Breast implant-associated anaplastic large-cell lymphoma (BIA-ALCL) is a rare T-cell non-Hodgkin lymphoma characterized as CD30 positive and anaplastic lymphoma kinase (ALK) negative. In 2016, the World Health Organization declared BIA-ALCL as a new disease entity. The first case of BIA-ALCL was reported in 1997, and as of July 2019, the United States Food and Drug Administration had cited a total of 573 United States and global medical device reports of BIA-ALCL, including 33 deaths.

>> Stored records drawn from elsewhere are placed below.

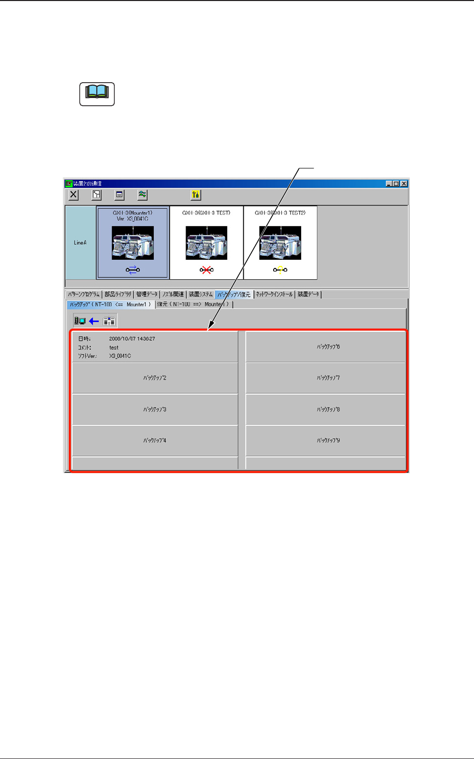 Tg0984-ID-OP 2-72 4.7装置データのバックアップ / 復元 4.7.1 装置データのバックアップ 装置から NT-100 にパターンプログラム、部品ライブラリデータ、シ ステムデータをバックアップする方法について説明します。 ノート バックアップは定期的に行うことを推奨します。 “バックアップ / 復元” タブシートで [ バックアップ ] タブを押すと、 以下のタブシートが表示されます。 [1] Fig.B…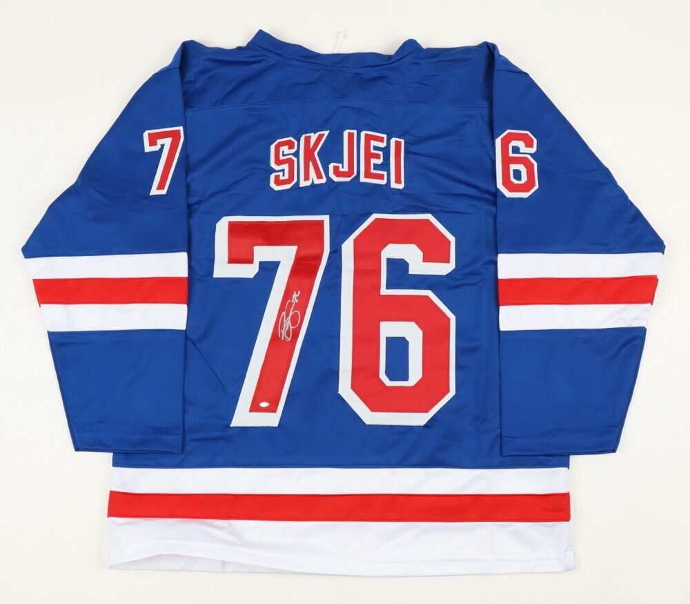 Custom on-ice style jersey. Everything is sewn on, size XL. Has been hand-signed by Brady Skjei.The lot / autograph(s) includes an official OK Authentics hologram for authenticity purposes. The signing of this item was witnessed by OK Authentics.Authentication: OK Authentics Hologram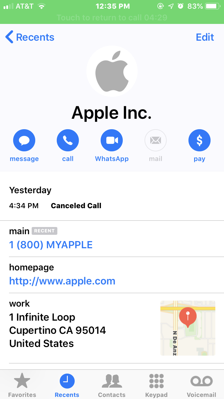 Brian Krebs informó hoy que una usuaria, Jody Westby, recibió una llamada del Soporte de Apple pidiéndole que le devolviera la llamada. La información de contacto que vino junto con el número aparecía ser Apple Inc. en la pantalla de identidad para la llamada. Cuando ella llamó al número 866, sin embargo, algo estaba claramente mal.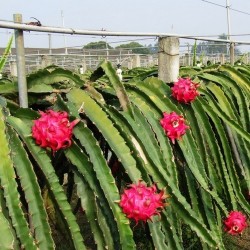 Niet veel mensen beseffen, dat de decoratieve en zeer smakelijke Drakenvrucht aan een cactus groeit! Kweek deze plant in een flinke pot, die op een pilaartje of tafel kan overhangen. Kwekerijen in de tropen binden 1-3 scheuten aan een stok van 1-3 m hoogte en toppen de planten vervolgens, waardoor productieve boompjes ontstaan. ‘s Zomers mogen de planten buiten in half zon, half schaduw (om inbranden van zon te voorkomen), bij veel regen liefst onder een afdak. ‘s Winters op een lichte, koele plaats tamelijk droog houden: in rust. Na jaren geduldige oogst komen de prachtige, witte bloemen en rozerode vruchten: rijp geplukt is het witte vruchtvlees met zwarte pitjes verrukkelijk: mildzoet, vergelijkbaar met meloen en kiwi!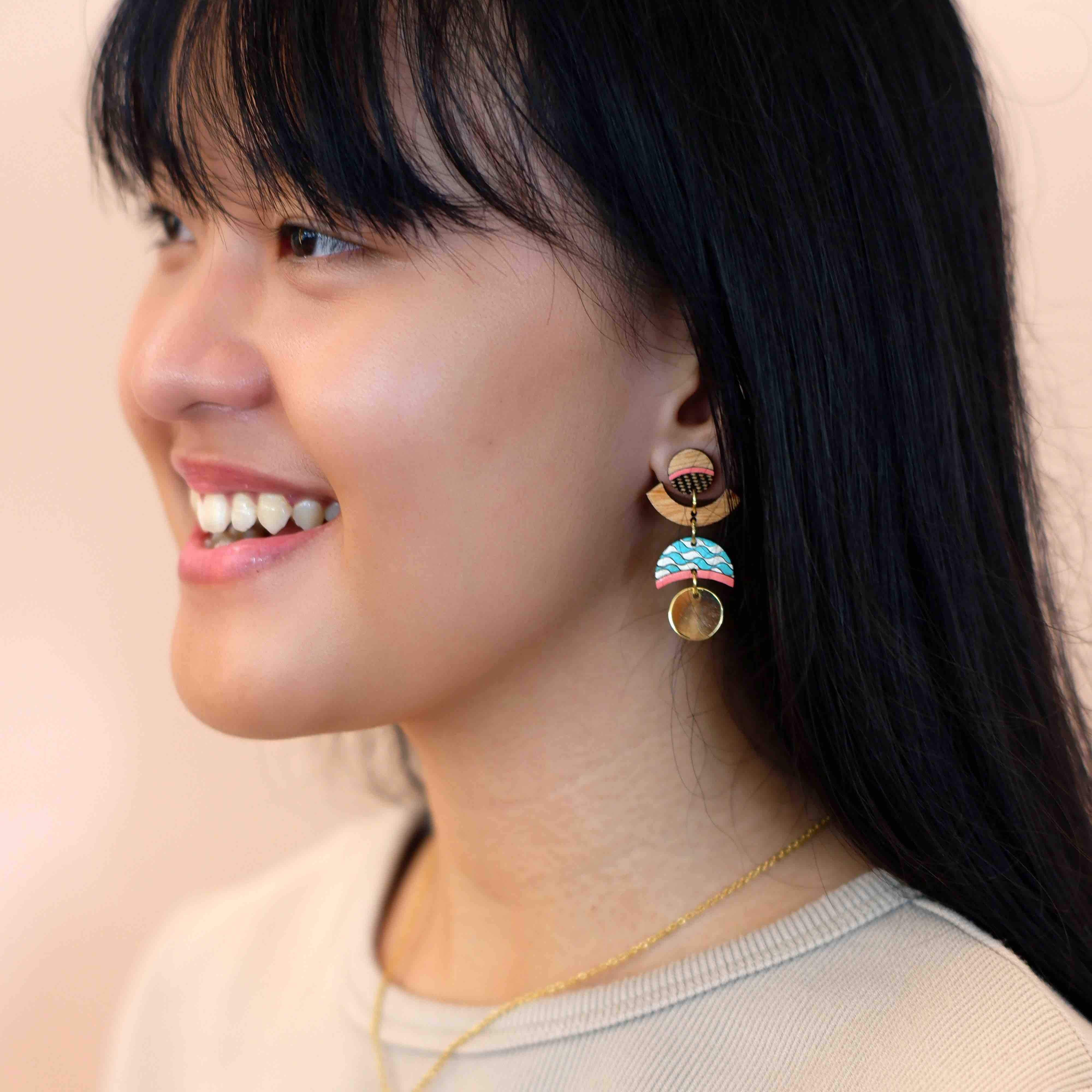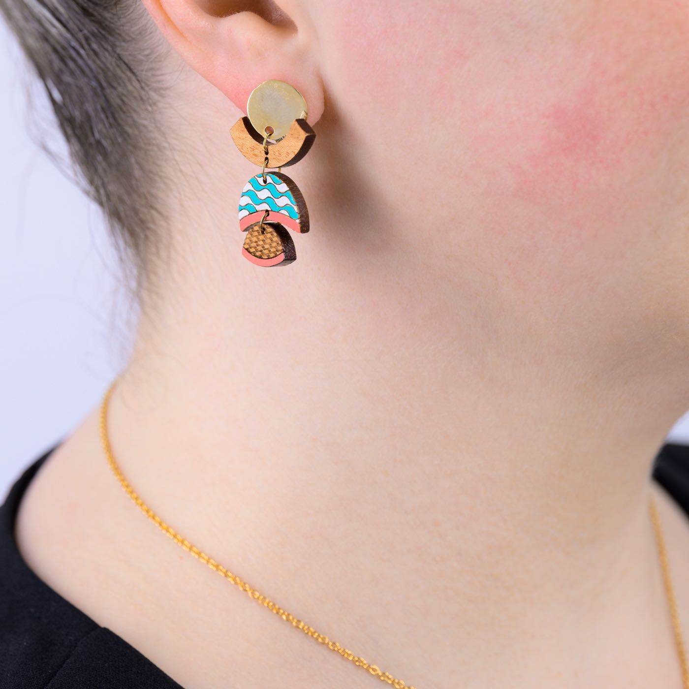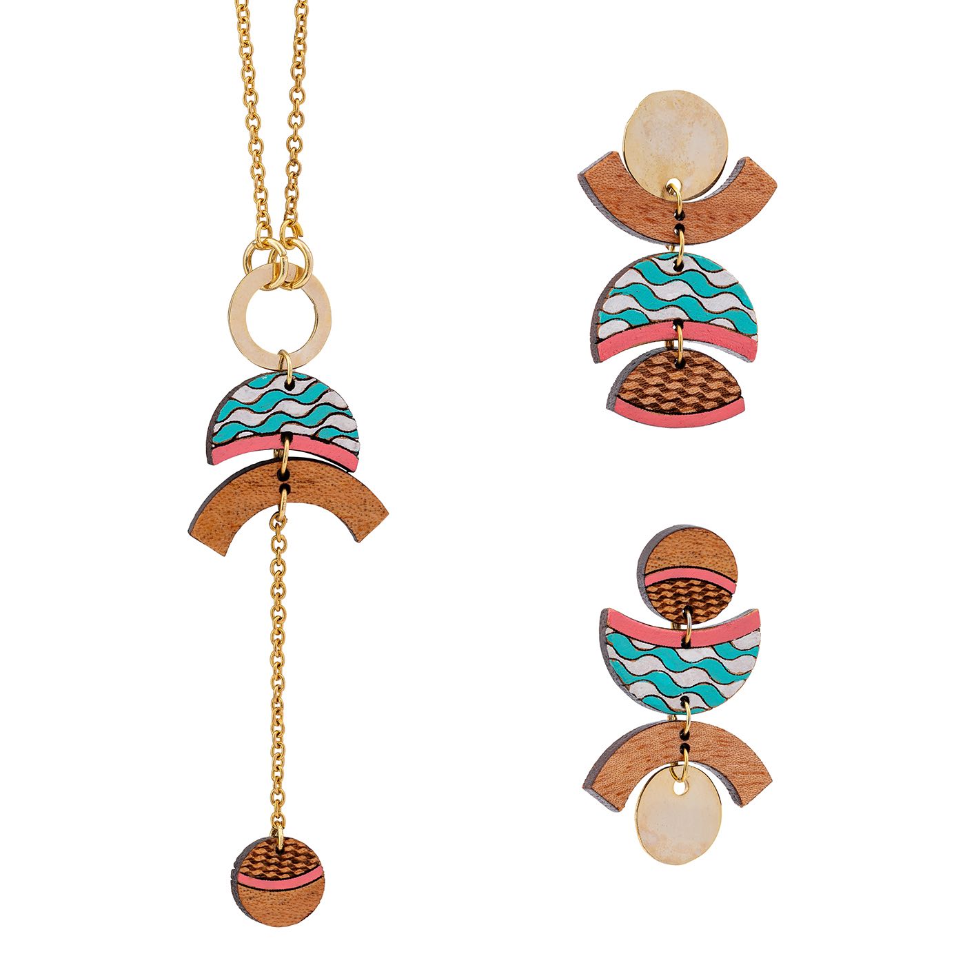 Unsere Handwerker haben Reste von Eichen-, Teak- und Mahagoniholz aus der Möbelindustrie gerettet, um ihre elegante Schmuckkollektion zu kreieren. Ihre Designs kombinieren perfekt die Schattierungen und Maserung des Holzes mit natürlichen Farben und Metallaccessoires.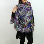 スタンダードな大判サイズで巻きでも羽織でもどちらも使いやすいストールです。特に羽織はパッと全体の印象を大きく変えることができます。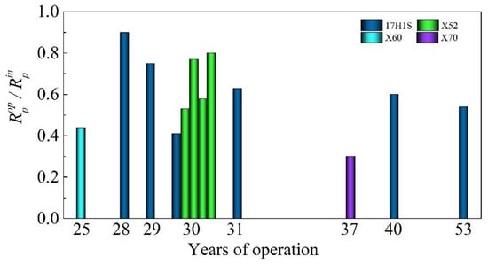 The changes in polarization resistance for 17H1S, X52, X60, and X70 pipe steels as a result of long-term operation Ropp relative to the corresponding values in the as-received state Rinp.
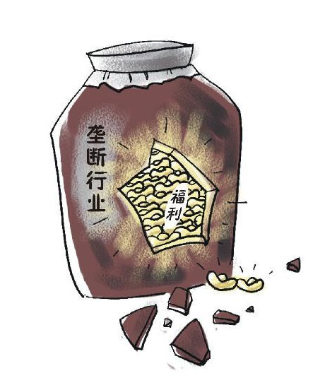 對外號稱長期虧損、困難重重,對內(nèi)卻發(fā)著天價獎金,享受著高額福利……群眾詬病已久的壟斷行業(yè)過高福利問題,在今年全國兩會召開之際再次引發(fā)密集關(guān)注。一些代表委員直言:依靠國家壟斷資源賺取的過高福利,不利于社會公平。社會日益走向公正合理,要求抓緊破除壟斷行業(yè)過高的福利。一方面要加強監(jiān)管,將壟斷國企中不合理的福利待遇逐一梳理清除,另一方面,要盡快改變當(dāng)前部分壟斷行業(yè)的管理體制、市場機制,讓市場邁向開放,讓企業(yè)運營走向透明。新華社發(fā)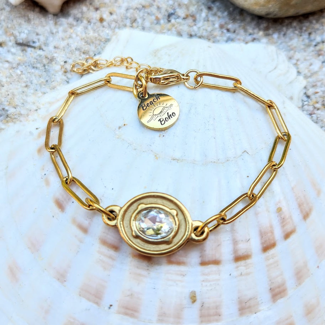 CRYSTAL DREAMS - CHOICE OF RUBY / CRYSTAL OR EMERALD 18K GOLD WATERPROOF CHAIN BRACELET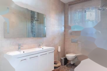 На верхнем этаже: 3 спальни, в том числе люкс с ванной/душем и туалетом, ванная комната с туалетом и глубокая терраса. Две спальни выходят на террасу, ориентированную на юг, с видом на море.

In all clinical case reports, except for those with unknown clinical history, the patient had received at least one textured surface breast implant. Although the etiology is not yet clear, chronic inflammation has been proposed as a potential precursor to tumorigenesis. The most common presentation of BIA-ALCL is peri-implant fluid collection following aesthetic or reconstructive implantation with textured surface breast implants. It can be accompanied by breast swelling, asymmetry, pain, skin lesions, lymphadenopathy, and B-type symptoms. Most cases are detected on average 7 to 10 years after implantation. Diagnostic specimens can be obtained with fine-needle aspiration or biopsy. BIA-ALCL is CD30 positive, epithelial membrane antigen positive, and ALK negative. It can be cured with complete surgical excision at the T1-T3 stage.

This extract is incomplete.